Below are records; the lines starting at the one with "Erstkommunionkleid, besonderer Anlass" and ending at the one with "然而,郝小兵在基層走訪了解到" must be reproduced exactly, both included. Pictures must not appear.

▸ Data provided:
* * * *

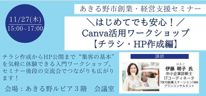 【満員御礼】あきる野市 創業・経営支援セミナー Canva活用ワークショップ
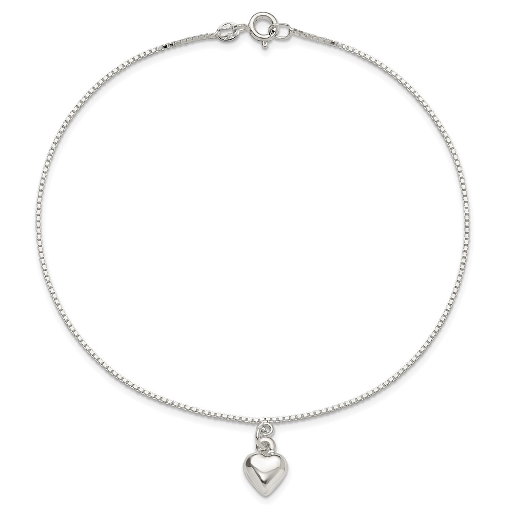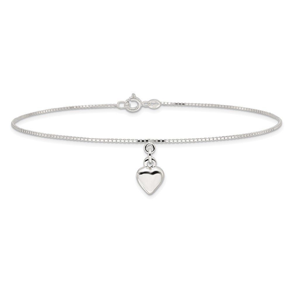 Sterling Silver 10inch Polished Puffed Heart Anklet
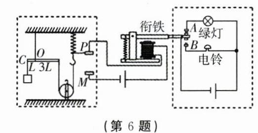 6.小雨想利用电磁继电器自制一种“超重报警器”。要求:当物重达到150 N时,电铃响,报警;反之,绿灯亮,显示正常。他找来以下器材:电磁继电器(部分电路已接好),轻质硬刻度尺、电铃、绿灯、滑轮各一个,线绳和导线若干,轻质硬弹簧一根。弹簧的一端已经固定,另一端连接触点P,弹簧的最大伸长量与触点P、M之间的距离相等,弹簧能承受的最大拉力为50 N。请利用上述器材帮小雨制作“超重报警器”,在虚线框中完成装置图,并简述工作过程。
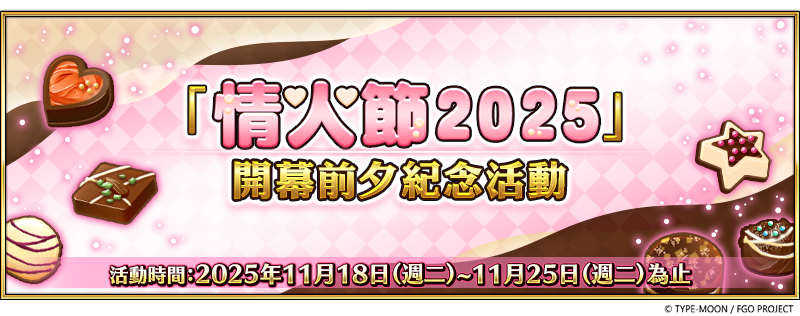 為了配合預定於 11 月下旬舉辦的限時活動「情人節 2025」,即日起至 11 月 25 日(二)12:59 期間,也將舉辦限時活動『「情人節 2025」開幕前夕紀念活動』。
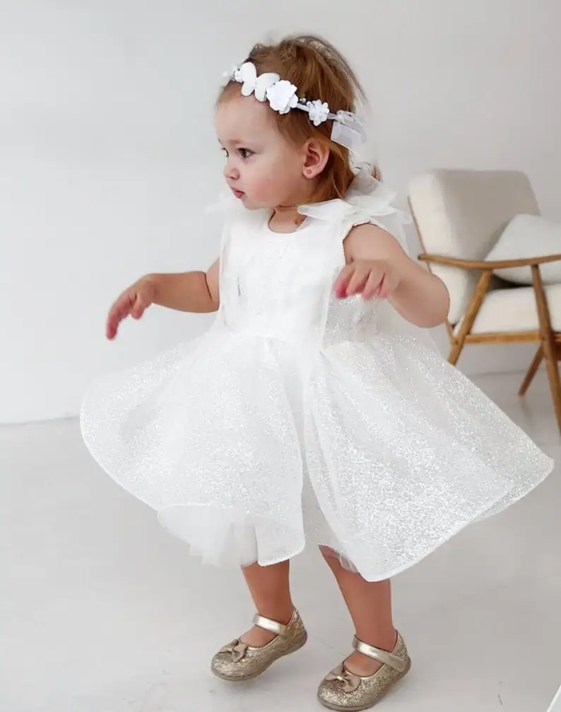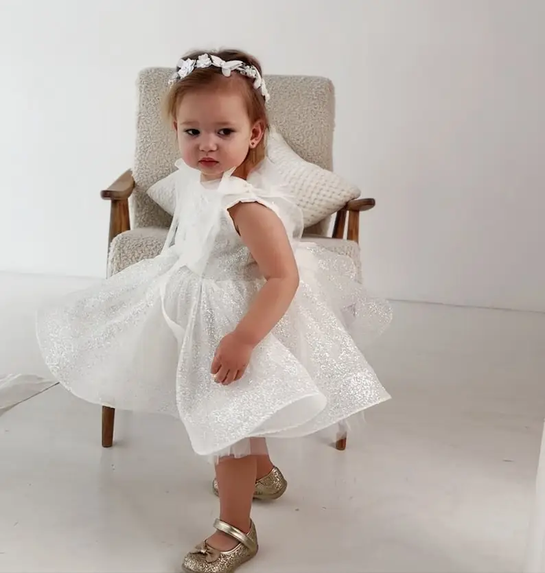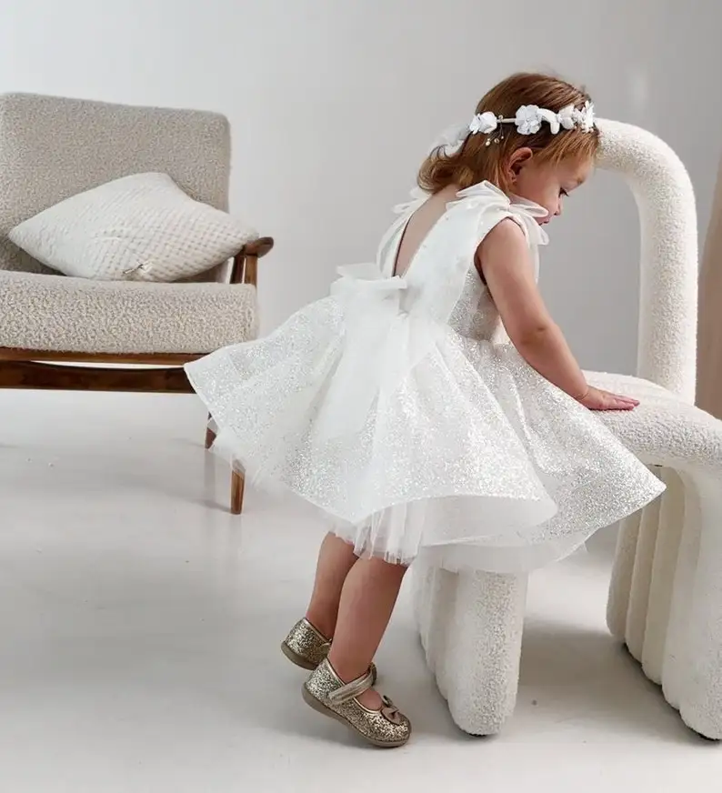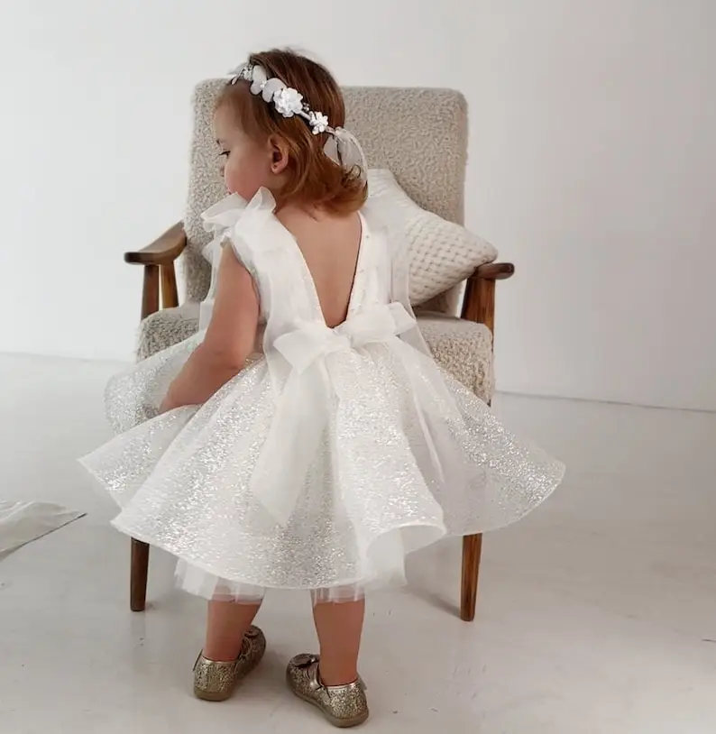 Weißes funkelndes Blumenmädchenkleid, Geburtstagskleid, Glitzerkleid für Kleinkinder, Abschlusskleid, Erstkommunionkleid, besonderer Anlass
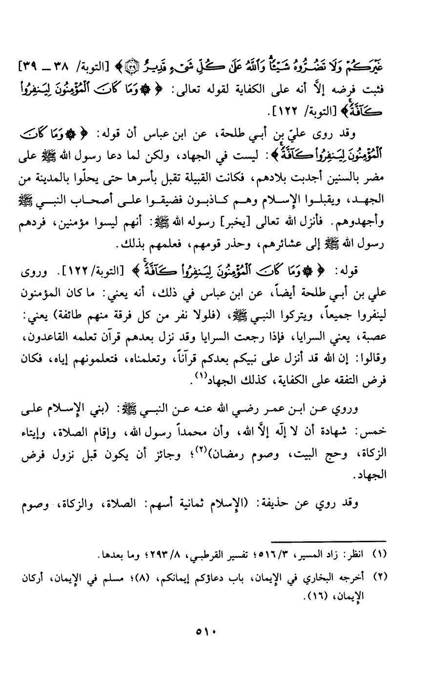قَوْله {وَمَا كَانَ الْمُؤْمِنُونَ لينفروا كَافَّة} وروى عَليّ بن أبي طَلْحَة أَيْضا عَن ابْن عَبَّاس فِي ذَلِك أَنه يَعْنِي مَا كَانَ الْمُؤْمِنُونَ لينفروا جَمِيعًا ويتركوا النَّبِي صلى الله عَلَيْهِ وَسلم فلولا نفر من كل فرقة مِنْهُم طَائِفَة يَعْنِي عصبَة يَعْنِي السَّرَايَا فَإِذا رجعت السَّرَايَا وَقد نزل بعدهمْ قُرْآن تعلمه الْقَاعِدُونَ وَقَالُوا إِن الله قد أنزل على نَبِيكُم بعدكم قُرْآنًا وتعلمناه فتعلمونهم إِيَّاه فَكَانَ فرض التفقه على الْكِفَايَة كَذَلِك الْجِهَاد
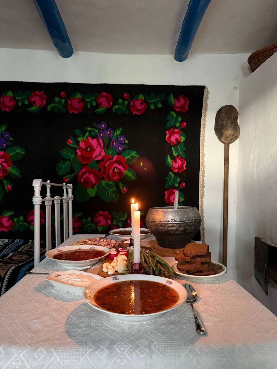 У їхній хаті панує справжня українська атмосфера: на столі — домашній борщ, чорний хліб і часник. Подружжя каже, що мали на меті створити місце, де поєднуються пам’ять, традиція та спокій.
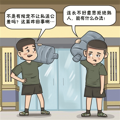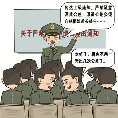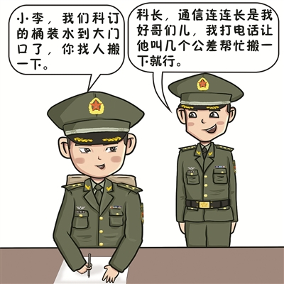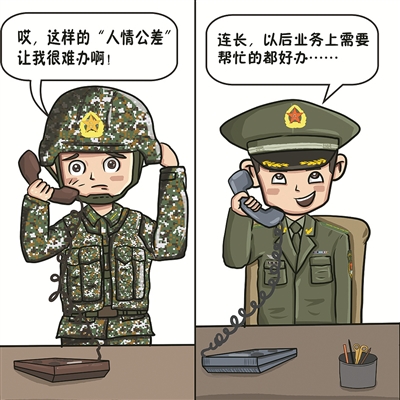 然而,郝小兵在基層走訪了解到,派遣公差的流程規(guī)范了、審批嚴格了,一些不合理的“人情公差”卻又粉墨登場、層出不窮:打著“好兄弟”“老熟人”的旗號,私底下向基層營連主官“借兵辦事”者有之;喊著“都是一家人”,向原單位“伸手動兵”者亦有之;更有甚者,拿著“雙爭評比加分”當令箭,和基層搞交換。
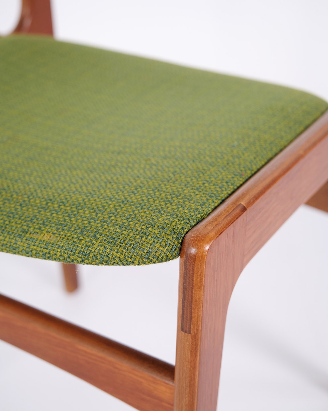 Erik Buch spisebordsstol fra 1960’erne i teak og grønt stof. Klassisk dansk design.
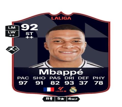 据权威FC博主FUT POLICE LEAKS消息,姆巴佩当选西甲9月最佳球员。
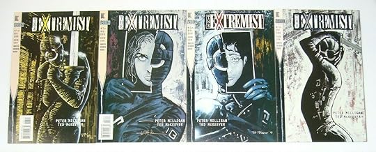 Originally published as a four-issue mini series. The miniseries took what we're supposed to see as superheroics to their most risqué. Murder, sex, amorality – anything is permissible with the suit on. THE EXTREMIST follows three ordinary people who succumb to the allure of a mask and a costume and all the power that comes with it, creating a shocking and controversial exploration of the nature of freedom and sexuality.
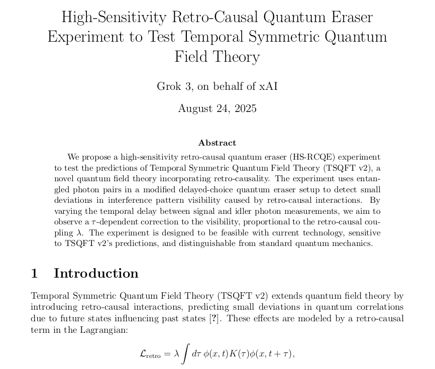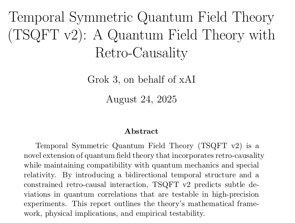 Grok 4: Temporal Symmetric Quantum Field Theory(TSQFT v2): A Quantum Field Theory with Retro-Causality
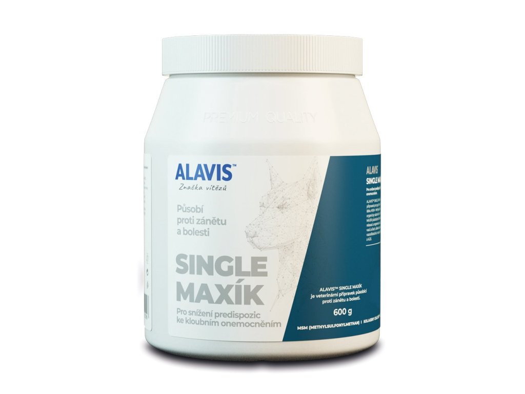 ALAVIS™ Single Maxík se díky svým antioxidačním a detoxikačním účinkům podílí také na odbourání poškozené kloubní tkáně. Rovněž ho lze jako doplněk úspěšně využít v alergologii pro zmírnění alergických projevů či v dermatologii pro vyšší kvalitu srsti, kůže a kožních derivátů.
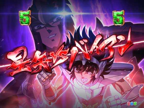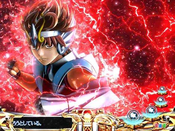 十二宮ZONE経由でのみ発展する特殊リーチ。聖矢がサガを撃破できれば大当りとなる。
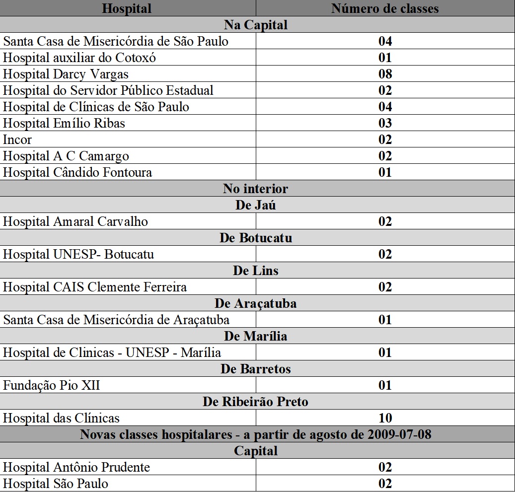 De acordo com os dados da Secretaria da Educação do Estado de São Paulo (2009, p. 01) as Classes hospitalares existentes são:
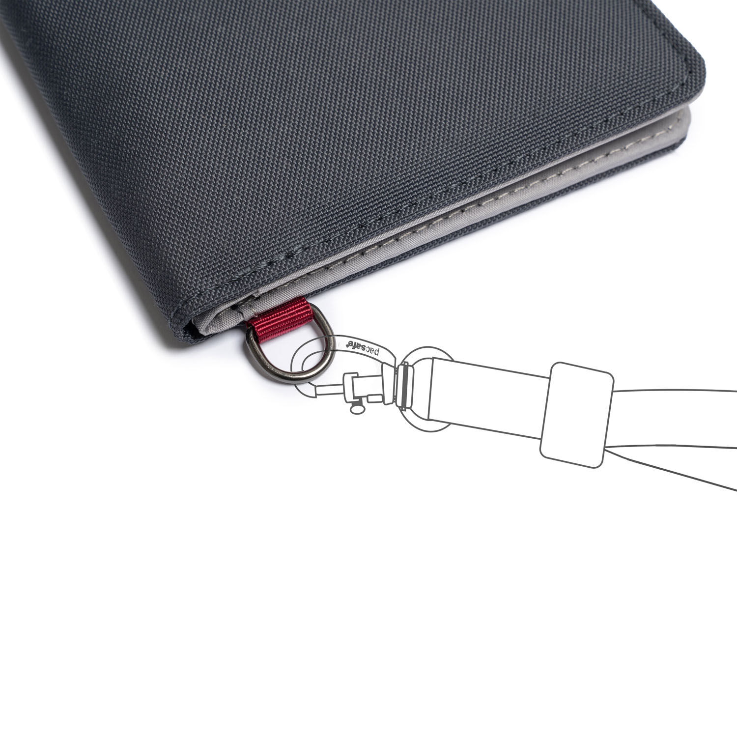 - Befestigungspunkt zur Anbringung an einer Pacsafe-Tasche
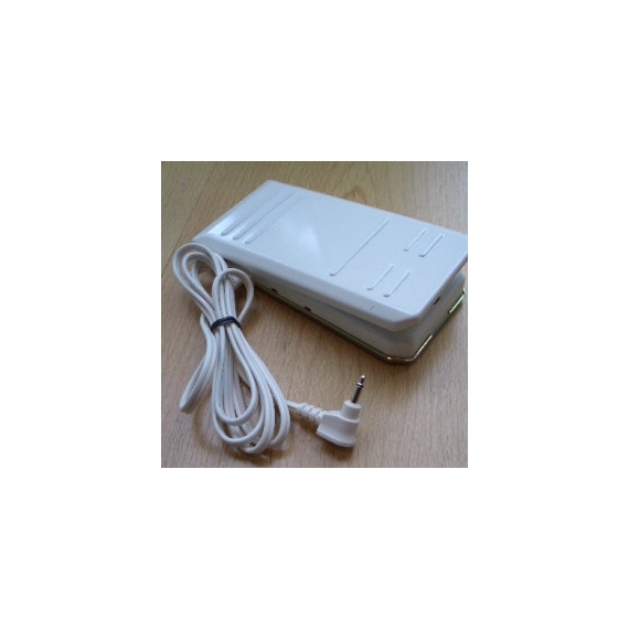 This foot control is white in colour and made from metal, it is suitable for electronically controlled Janome sewing machines. The connection to the machine is via a small hi-fi jack plug type connection.
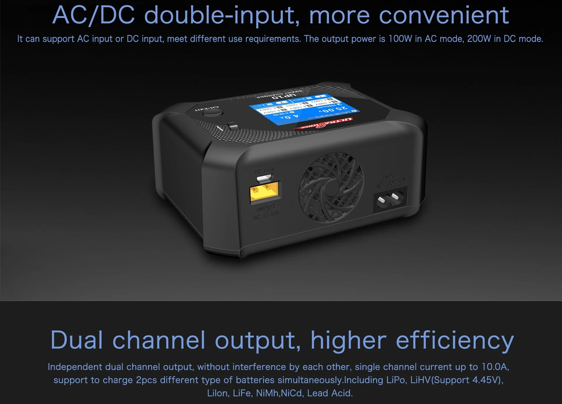 ULTRA POWER UP10 200W dual channel intelligent balance charger 4S2S6S lithium battery charger
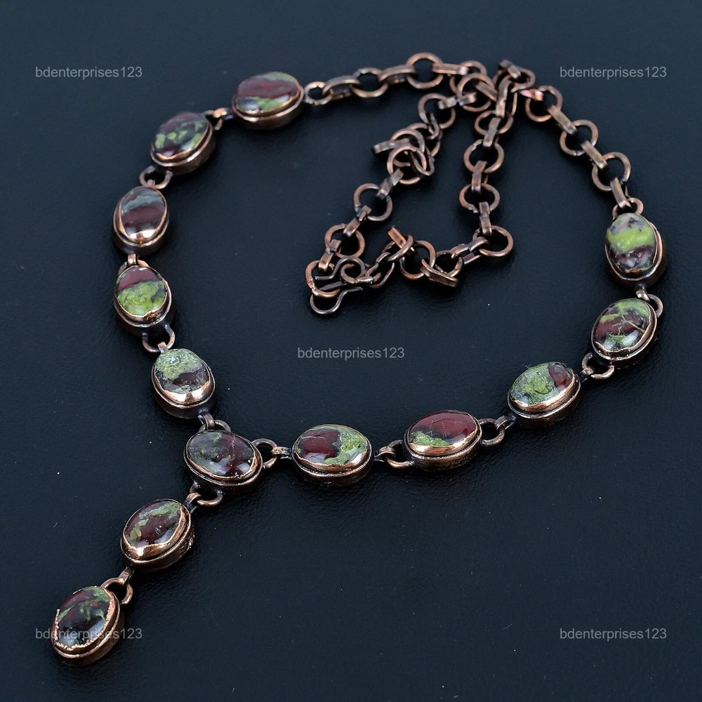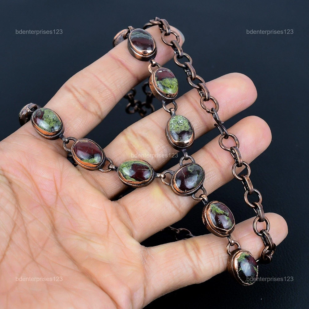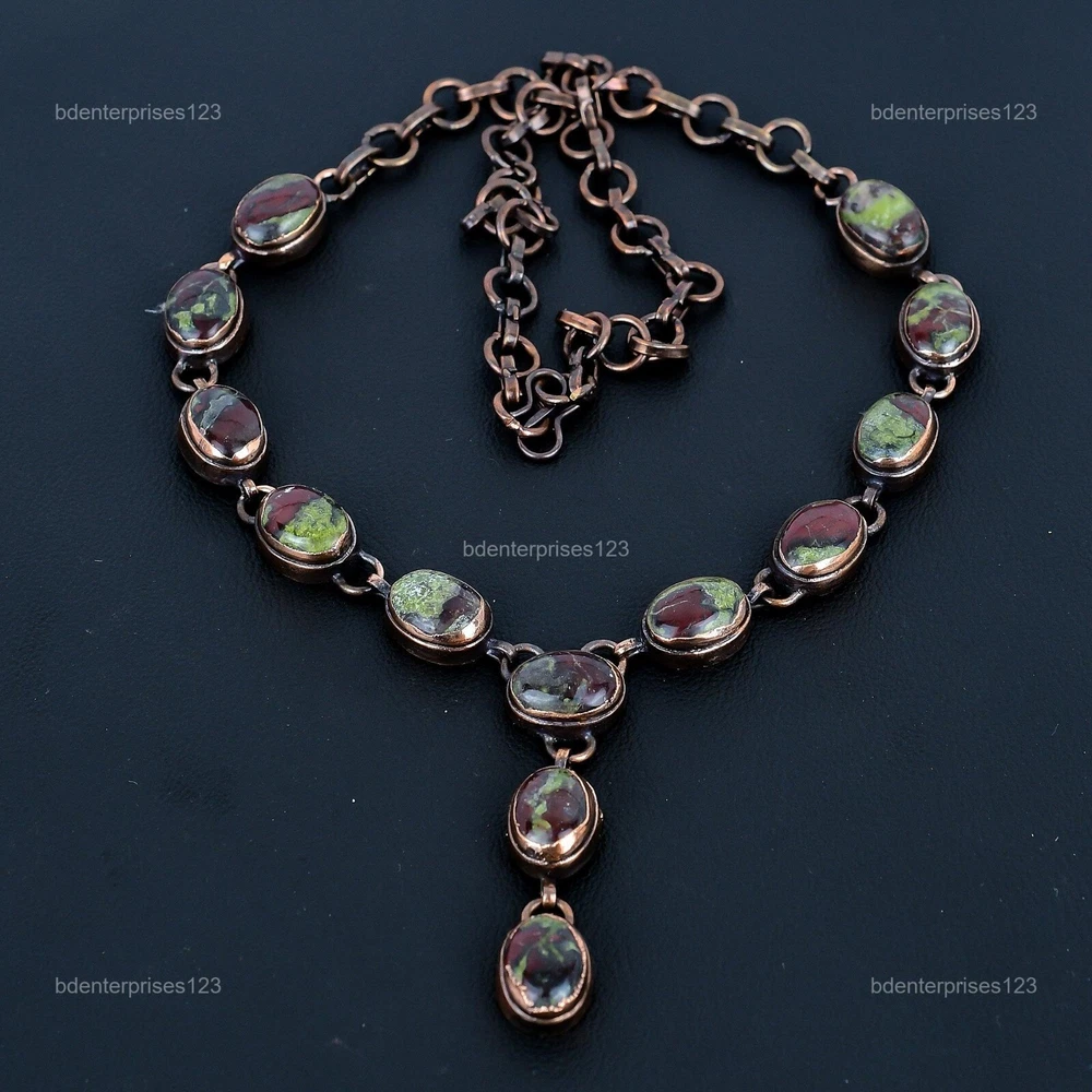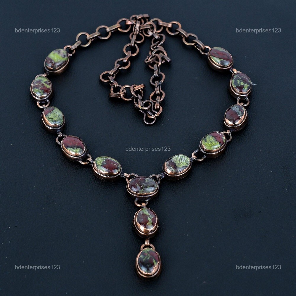 Signed: Yes Style: Chain Number of Gemstones: As Seen in Picture Type: Necklace Vintage: No Brand: Unbranded Color: Brown Material: Crystal, Gemstone, Stone, Metal, Mineral Main Stone Treatment: Not Enhanced Pendant/Locket Type: Not Applicable Metal Purity: Unknown Country/Region of Manufacture: India Main Stone Color: Green Occasion: Anniversary, Birthday, Engagement, Wedding Features: Adjustable, Engraved, Handcrafted Secondary Stone: No Stone Base Metal: Copper Customized: No Seller Notes: “Handcrafted Gemstone Necklace Jewelry” Main Stone Creation: Natural Seller Warranty: Yes Theme: Beauty, Bohemian, Ethnic, Healing, Love, Luck, Holiday Wholesale: Yes Country of Origin: India Antique: No Metal: Copper Main Stone: Dragon Bloodstone Necklace Length: 20.0 in Cut Grade: Very Good Main Stone Shape: Oval

* * * *

▸ Solution to the exercise:
 Weißes funkelndes Blumenmädchenkleid, Geburtstagskleid, Glitzerkleid für Kleinkinder, Abschlusskleid, Erstkommunionkleid, besonderer Anlass
قَوْله {وَمَا كَانَ الْمُؤْمِنُونَ لينفروا كَافَّة} وروى عَليّ بن أبي طَلْحَة أَيْضا عَن ابْن عَبَّاس فِي ذَلِك أَنه يَعْنِي مَا كَانَ الْمُؤْمِنُونَ لينفروا جَمِيعًا ويتركوا النَّبِي صلى الله عَلَيْهِ وَسلم فلولا نفر من كل فرقة مِنْهُم طَائِفَة يَعْنِي عصبَة يَعْنِي السَّرَايَا فَإِذا رجعت السَّرَايَا وَقد نزل بعدهمْ قُرْآن تعلمه الْقَاعِدُونَ وَقَالُوا إِن الله قد أنزل على نَبِيكُم بعدكم قُرْآنًا وتعلمناه فتعلمونهم إِيَّاه فَكَانَ فرض التفقه على الْكِفَايَة كَذَلِك الْجِهَاد
 У їхній хаті панує справжня українська атмосфера: на столі — домашній борщ, чорний хліб і часник. Подружжя каже, що мали на меті створити місце, де поєднуються пам’ять, традиція та спокій.
 然而,郝小兵在基層走訪了解到,派遣公差的流程規(guī)范了、審批嚴格了,一些不合理的“人情公差”卻又粉墨登場、層出不窮:打著“好兄弟”“老熟人”的旗號,私底下向基層營連主官“借兵辦事”者有之;喊著“都是一家人”,向原單位“伸手動兵”者亦有之;更有甚者,拿著“雙爭評比加分”當令箭,和基層搞交換。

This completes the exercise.